Average distance in a general class of scale-free networks

In Chung-Lu random graphs, a classic model for real-world networks, each vertex is equipped with a weight drawn from a power-law distribution, and two vertices forman edge independently with probability proportional to the product of their weights. Chung-Lu graphs have average distance O(log logn) and thus reproduce the small-world phenomenon, a key property of real-world networks. Modern, more realistic variants of this model also equip each vertex with a random position in a specific underlying geometry. The edge probability of two vertices then depends, say, inversely polynomially on their distance. In this paper we study a generic augmented version of Chung-Lu random graphs. We analyze a model where the edge probability of two vertices can depend arbitrarily on their positions, as long as the marginal probability of forming an edge (for two vertices with fixed weights, one fixed position, and one random position) is as in a Chung-Lu random graph. The resulting class contains Chung-Lu random graphs, hyperbolic random graphs, and geometric inhomogeneous random graphs as special cases.
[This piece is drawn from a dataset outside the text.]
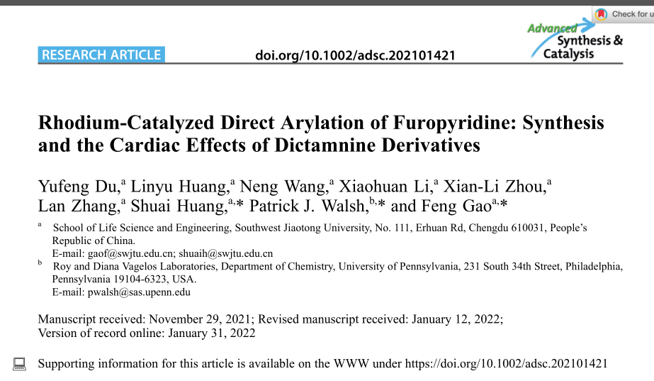 2022-03-03近日,有机化学领域权威期刊 《Advanced Synthesis & Catalysis》 (IF = 5.837)报道了beat365官网“小分子天然药物” 团队的研究成果“Rhodiu...

Our main result is that every random graph model in this general class has the same average distance as a Chung-Lu random graph, up to a factor of 1+o(1). This shows inparticular that specific choices, such as taking the underlying geometry to be Euclidean, do not significantly influence the average distance. The proof also shows that every random graph model in our class has a giant component and polylogarithmic diameter with high probability.